--- Task input Enclosed Below ---
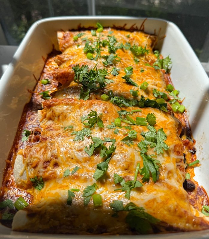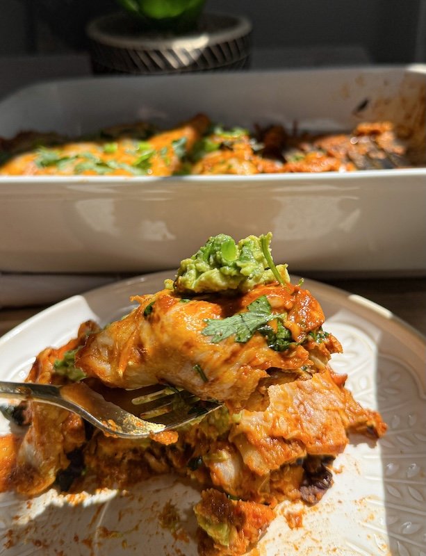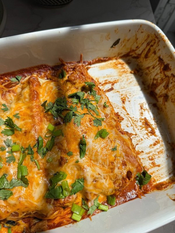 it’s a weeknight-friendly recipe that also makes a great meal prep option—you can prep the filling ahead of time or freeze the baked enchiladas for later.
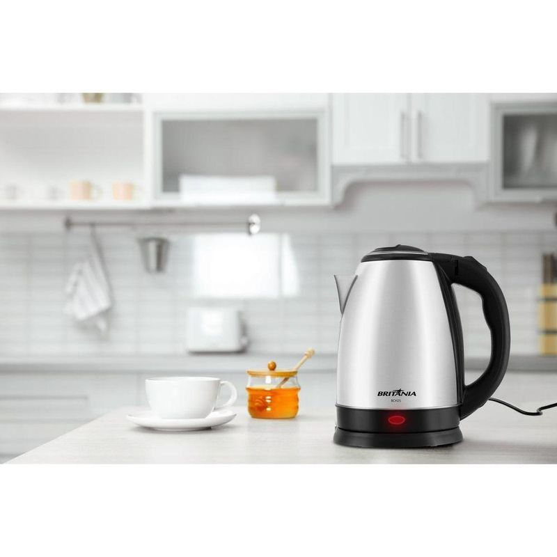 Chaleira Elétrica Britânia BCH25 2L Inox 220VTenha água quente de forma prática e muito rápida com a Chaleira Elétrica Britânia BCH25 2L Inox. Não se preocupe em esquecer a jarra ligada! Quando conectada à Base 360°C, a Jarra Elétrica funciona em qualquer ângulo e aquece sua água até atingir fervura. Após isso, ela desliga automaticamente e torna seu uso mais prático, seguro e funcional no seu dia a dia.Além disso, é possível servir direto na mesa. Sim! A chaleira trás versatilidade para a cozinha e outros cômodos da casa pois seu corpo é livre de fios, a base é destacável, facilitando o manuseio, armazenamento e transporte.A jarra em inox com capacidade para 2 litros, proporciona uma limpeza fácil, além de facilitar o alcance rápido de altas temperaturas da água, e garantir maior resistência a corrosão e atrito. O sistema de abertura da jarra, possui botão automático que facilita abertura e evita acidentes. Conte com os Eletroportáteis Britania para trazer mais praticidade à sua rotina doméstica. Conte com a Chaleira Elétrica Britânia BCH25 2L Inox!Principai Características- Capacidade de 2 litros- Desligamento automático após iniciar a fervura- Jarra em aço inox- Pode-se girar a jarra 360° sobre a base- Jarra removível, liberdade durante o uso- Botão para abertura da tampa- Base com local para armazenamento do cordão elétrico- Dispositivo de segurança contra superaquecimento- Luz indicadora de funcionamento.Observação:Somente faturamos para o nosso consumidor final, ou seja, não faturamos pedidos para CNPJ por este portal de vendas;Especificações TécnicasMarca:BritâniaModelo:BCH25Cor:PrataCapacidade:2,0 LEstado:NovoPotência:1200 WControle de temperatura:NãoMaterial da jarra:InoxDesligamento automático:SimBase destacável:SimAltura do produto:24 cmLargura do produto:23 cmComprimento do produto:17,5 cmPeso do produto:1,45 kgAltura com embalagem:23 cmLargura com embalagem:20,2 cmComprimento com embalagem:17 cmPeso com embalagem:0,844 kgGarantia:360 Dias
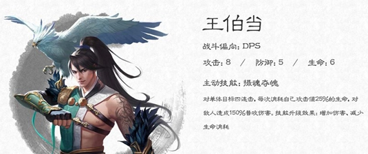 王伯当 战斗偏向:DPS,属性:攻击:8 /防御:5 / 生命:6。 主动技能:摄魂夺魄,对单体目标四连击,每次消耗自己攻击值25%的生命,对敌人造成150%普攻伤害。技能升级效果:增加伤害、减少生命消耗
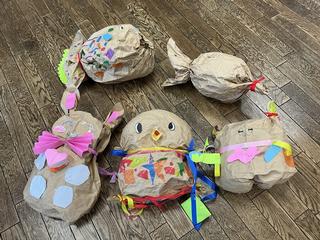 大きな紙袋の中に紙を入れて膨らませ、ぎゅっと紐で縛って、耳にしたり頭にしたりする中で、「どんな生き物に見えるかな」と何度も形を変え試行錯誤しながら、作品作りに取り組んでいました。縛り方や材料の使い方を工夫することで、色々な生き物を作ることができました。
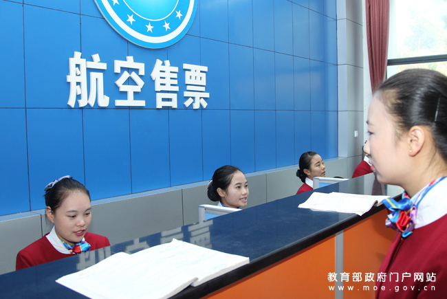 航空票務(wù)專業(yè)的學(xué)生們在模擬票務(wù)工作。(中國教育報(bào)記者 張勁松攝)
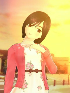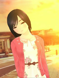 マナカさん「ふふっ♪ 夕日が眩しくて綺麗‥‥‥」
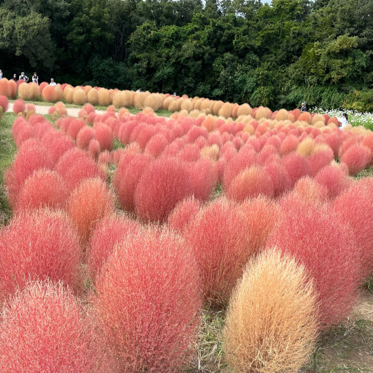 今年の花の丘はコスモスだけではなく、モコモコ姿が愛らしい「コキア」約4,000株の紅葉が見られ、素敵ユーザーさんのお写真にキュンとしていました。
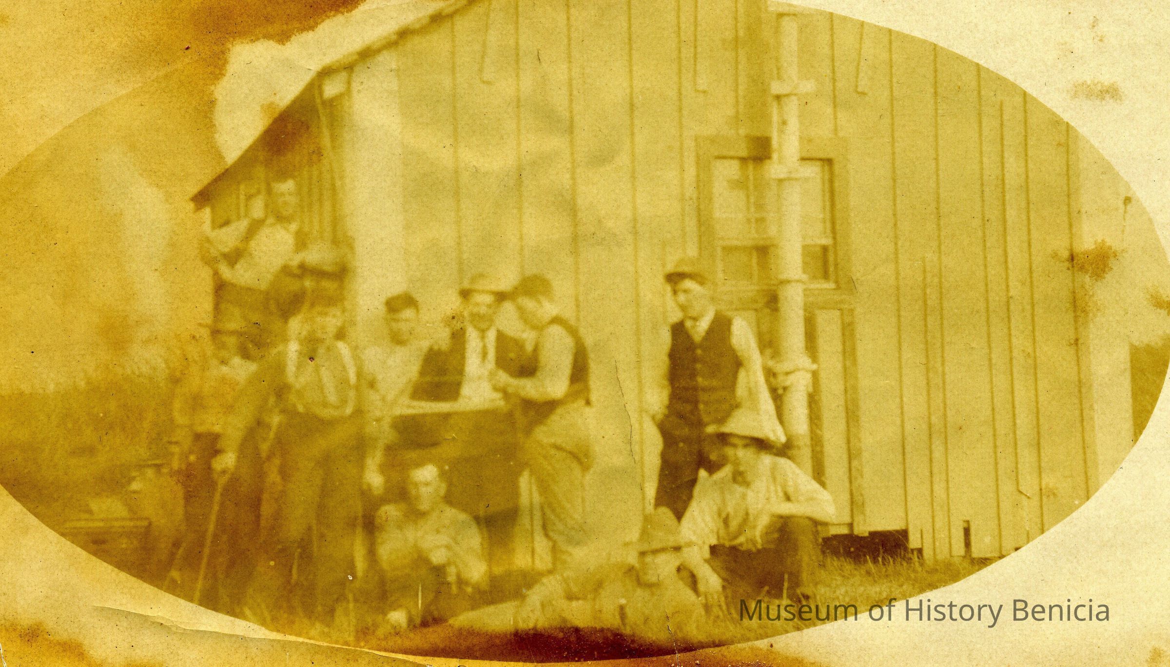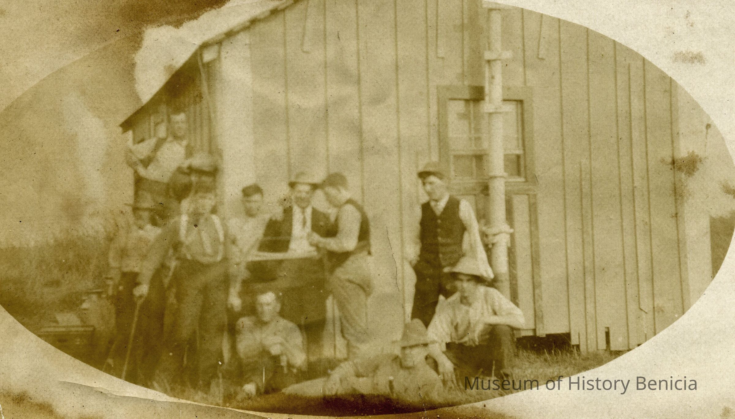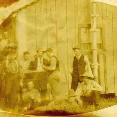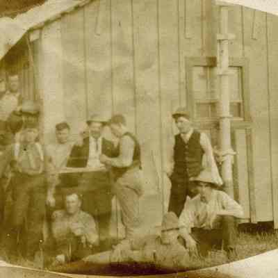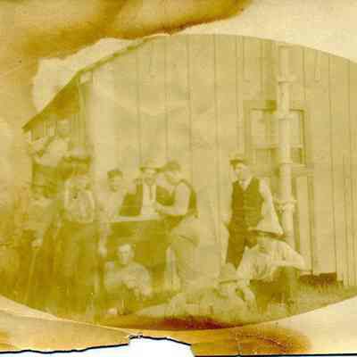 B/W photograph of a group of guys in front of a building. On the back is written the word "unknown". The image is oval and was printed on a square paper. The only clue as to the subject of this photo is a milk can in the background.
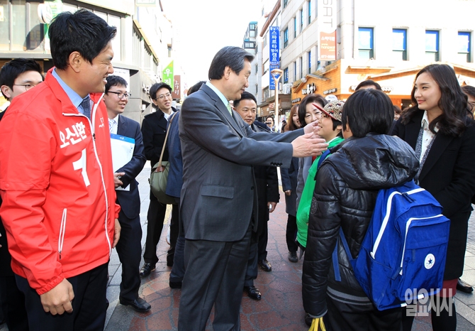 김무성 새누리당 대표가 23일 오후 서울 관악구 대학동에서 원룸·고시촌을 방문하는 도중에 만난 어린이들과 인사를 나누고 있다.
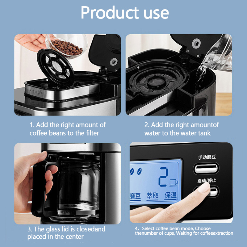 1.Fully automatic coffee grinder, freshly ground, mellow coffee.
--- End of Enclosed Task input ---
--- Task input Enclosed Below ---
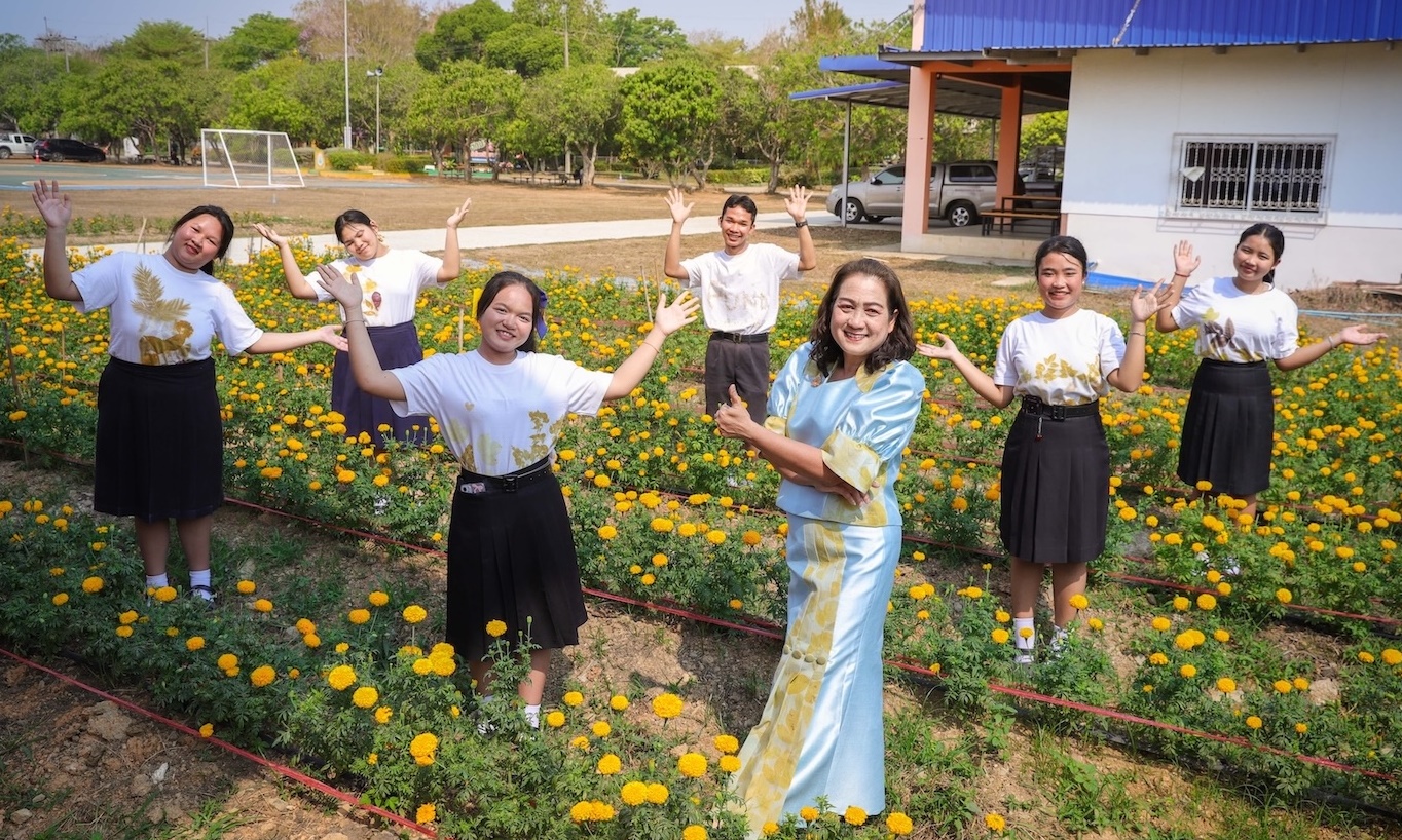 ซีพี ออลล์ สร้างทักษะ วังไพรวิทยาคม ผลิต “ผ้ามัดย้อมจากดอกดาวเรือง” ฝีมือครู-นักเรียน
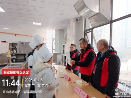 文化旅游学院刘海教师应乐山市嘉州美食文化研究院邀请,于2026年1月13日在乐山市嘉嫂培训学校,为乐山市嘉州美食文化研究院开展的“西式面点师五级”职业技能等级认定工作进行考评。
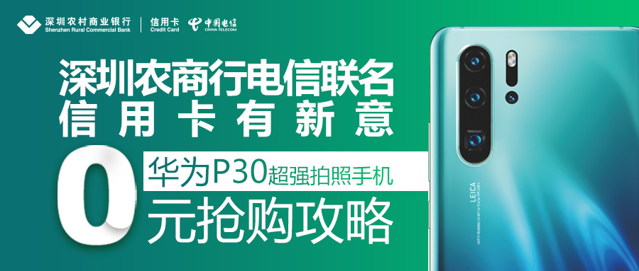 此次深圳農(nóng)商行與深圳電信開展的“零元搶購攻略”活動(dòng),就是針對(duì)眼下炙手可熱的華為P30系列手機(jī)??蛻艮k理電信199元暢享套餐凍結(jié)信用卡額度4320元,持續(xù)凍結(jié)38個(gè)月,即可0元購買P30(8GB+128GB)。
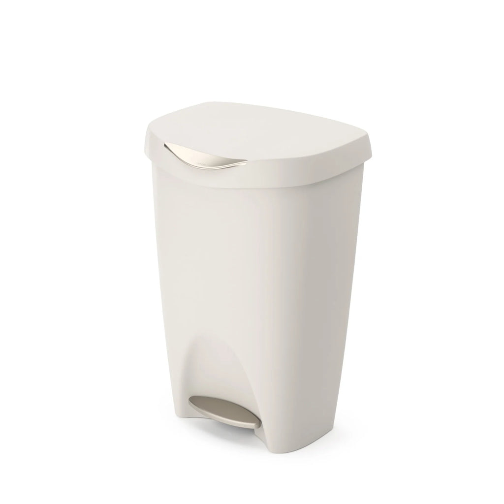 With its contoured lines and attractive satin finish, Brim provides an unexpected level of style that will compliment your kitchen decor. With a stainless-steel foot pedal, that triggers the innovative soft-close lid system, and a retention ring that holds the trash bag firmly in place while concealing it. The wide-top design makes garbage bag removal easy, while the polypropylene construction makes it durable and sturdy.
--- End of Enclosed Task input ---
Assignment: Starting at the line with "김무성 새누리당 대표가" in the entries above, write out every line exactly until the line with "1.Fully automatic coffee" has been written. Include no pictures and nothing more.

Your response:
 김무성 새누리당 대표가 23일 오후 서울 관악구 대학동에서 원룸·고시촌을 방문하는 도중에 만난 어린이들과 인사를 나누고 있다.
 1.Fully automatic coffee grinder, freshly ground, mellow coffee.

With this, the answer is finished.